Lecture Notes Week 5


Wylie, pp. 9-15

2 shifts in phil of science that involve making more use of science: philosophy of special sciences and naturalism

Naturalism calls for attention to insights of psychology and cognitive science, and there is far more attention to social and historical studies of science

Strong naturalism: abandon philosophical methods in favor of “scientific methods” in undertaking epistemology of science

Accd'g to Wylie, philosophical methods (conceptual analysis, reflective equilibrium (Rawls), or intuitionism) are not unique to philosophy but crucial to good scientific practice

2 shifts as transforming the enterprise of phil of science

    abandonment of the “unity of science” thesis (methodological, metaphysical and/or epistemic)
    attention to detailed study of specific sciences or specialties

In the work to naturalize and “socialize” the philosophy of science, a role for non-cognitive factors increasingly recognized, and for some there is convergence with the focus of SSK on the “social determinants of inquiry”; for others, the convergence is limited to the recognition of the role of facts, and they don't agree with the strong constructivism of early SSK

Shifts in SSK: Its current state reflects that detailed attention to the sciences shows that neither purely sociological nor purely philosophical approaches are sufficient

A recognition of the “multiplicity, patchiness and heterogeneity of scientific practices” and the strong degree of stability

Wylie uses Hacking as an example of a normative as well as descriptive approach that embraces aspects of naturalism


Analytic metaarchaeology

    Evolution in philosophical approaches to archaeology: from approaches making use of standard phil of science (Hempel and deductivist models of confirmation and explanation) to calls within archaeology for an “internal” phil of archaeology

    These things in turn lead to new philosophical questions that emerged from the particulars of archaeological practice themselves

Some adopt a systems-analysis approach rather than covering law model of explanation: the development of formal models that capture the interrelationships and structure of a cultural system (or cultural: environmental system)

Questions:
    Does explanatory understanding require more? How and why do the elements of a culture interact the way they do?

    How to identify causal and statistical factors that “make a difference”?

    Realism?

    Pragmatism?

Wylie, balance of the Introduction

Overview of the chapter's discussion of developments and debates concerning phil of archaeology 1970s-present:

The New Archaeology and processualism (1970s)
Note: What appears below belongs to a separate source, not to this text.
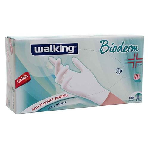 Walking modello professionale bioderm senza polvere interna. E' indicato per gli impieghi domestici e medico - sanitari assicurando protezione da rischi microbiologici e chimici e garantendo comfort alla mano dell'operatore. Con finitura liscia sono formulati per garantire morbidezza e vestibilità. Ottimi per chi soffre di allergie e sensibilizzazioni della pelle.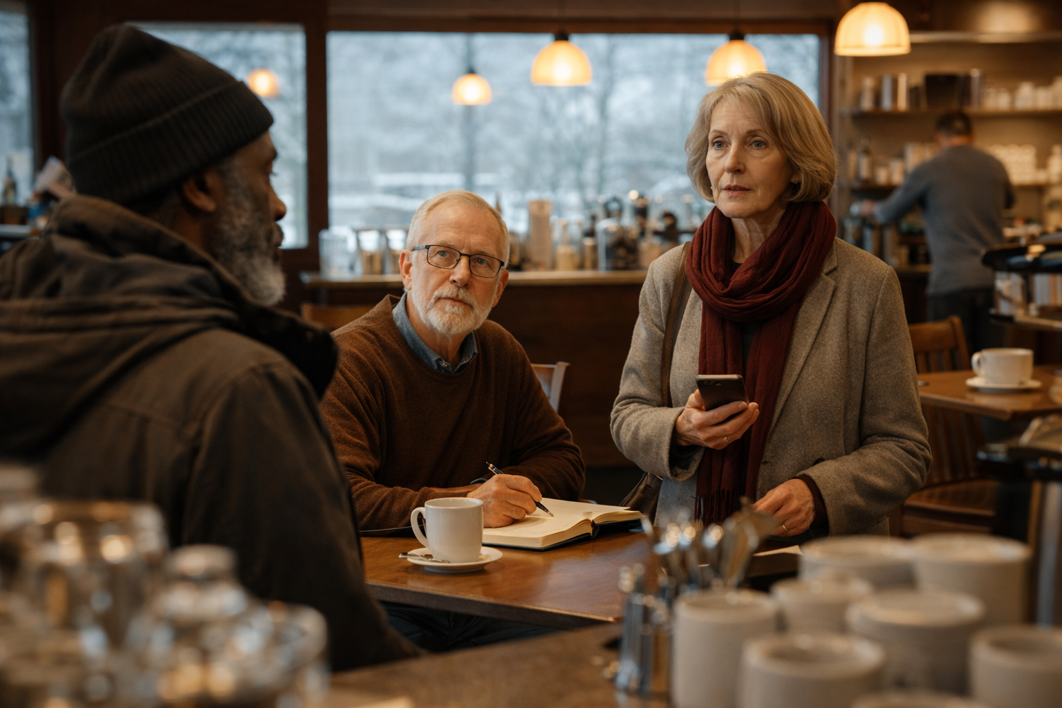 Inside, the place was busy in a quiet way—steam rising from cups, jazz sliding beneath conversation, the espresso machine punctuating everything like a metronome. Barbara moved through it with purpose, scarf tucked neatly at her neck, and found Elijah and Jeremiah already at their usual table.

    Associated with positivist (or post-positivist) phil of science: Hempel

    Naturalism in the social science sense (as described by Rosenberg): search for laws and explanations (deductive relationship between hypotheses and their implications) and a firm empirical base

    Processualism: to discover and explain the cultural processes that are responsible for the forms of life and trajectories of development documented by cultural historians.

    Cultural systems and processes as “law-governed” phenomena at all levels: technologies, forms of subsistence, material culture, social relations

    Positivism in a relatively liberal sense: unconcerned that their explanations invoked “un-observables”

Anti-scientism and “post-processualism” (1980s and 1990s)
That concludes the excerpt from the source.